Science would favor Du Bois. Today, the mainstream belief among scientists is that race is a social construct without biological meaning. And yet, you might still open a study on genetics in a major scientific journal and find categories like "white" and "black" being used as biological variables.
In an article published today (Feb. 4) in the journal Science, four scholars say racial categories are weak proxies for genetic diversity and need to be phased out
They've called on the U.S. National Academies of Sciences, Engineering and Medicine to put together a panel of experts across the biological and social sciences to come up with ways for researchers to shift away from the racial concept in genetics research.
"It's a concept we think is too crude to provide useful information, it's a concept that has social meaning that interferes in the scientific understanding of human genetic diversity and it's a concept that we are not the first to call upon moving away from," said Michael Yudell, a professor of public health at Drexel University in Philadelphia.
Yudell said that modern genetics research is operating in a paradox, which is that race is understood to be a useful tool to elucidate human genetic diversity, but on the other hand, race is also understood to be a poorly defined marker of that diversity and an imprecise proxy for the relationship between ancestry and genetics.
"Essentially, I could not agree more with the authors," said Svante Pääbo, a biologist and director of the Max Planck Institute for Evolutionary Anthropology in Germany, who worked on the Neanderthal genome but was not involved with the new paper.
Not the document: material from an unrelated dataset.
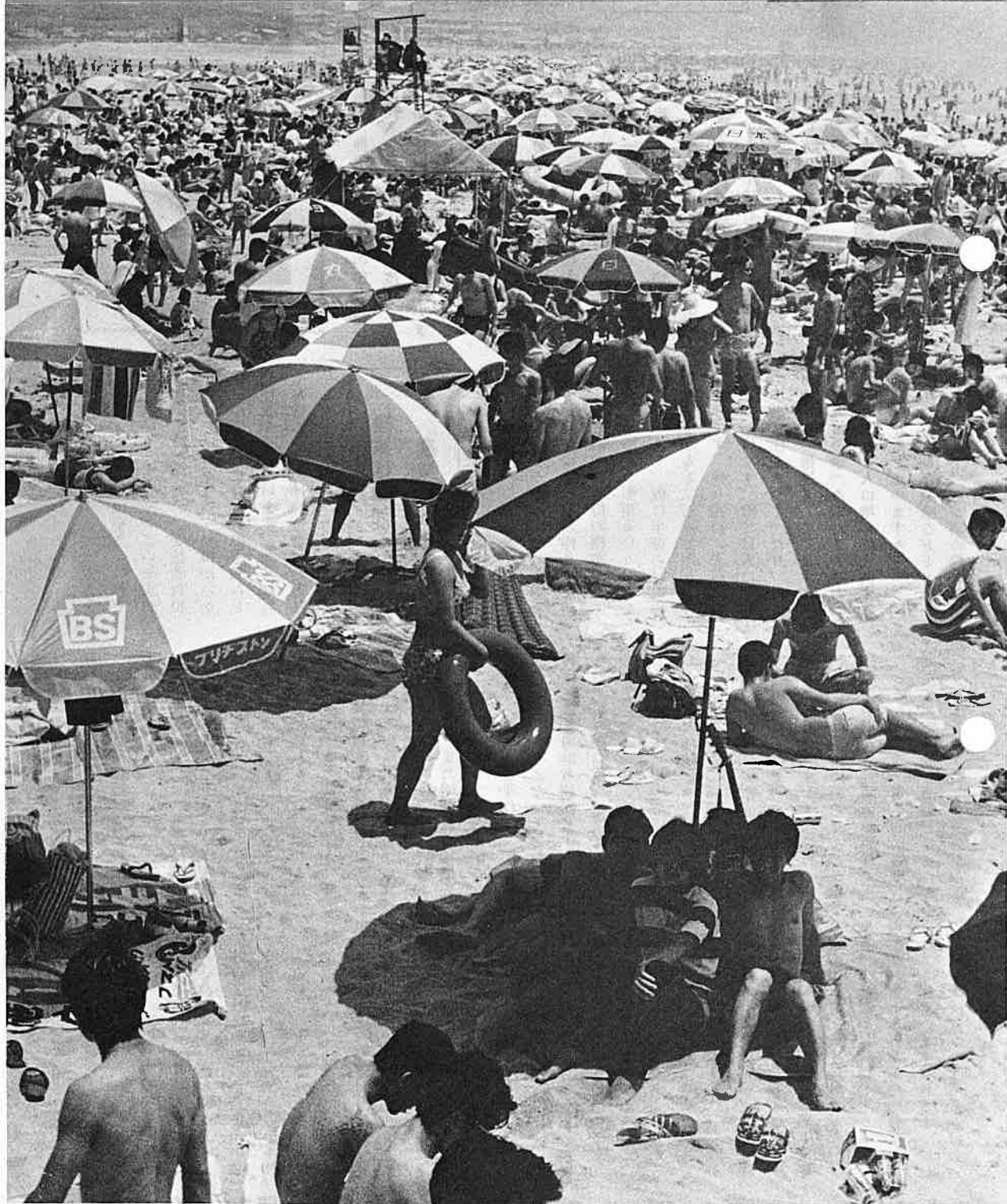
ことし120万人の人出でにぎわった海水浴場

"What the study of complete genomes from different parts of the world has shown is that even between Africa and Europe, for example, there is not a single absolute genetic difference, meaning no single variant where all Africans have one variant and all Europeans another one, even when recent migration is disregarded," Pääbo told Live Science. "It is all a question of differences in how frequent different variants are on different continents and in different regions."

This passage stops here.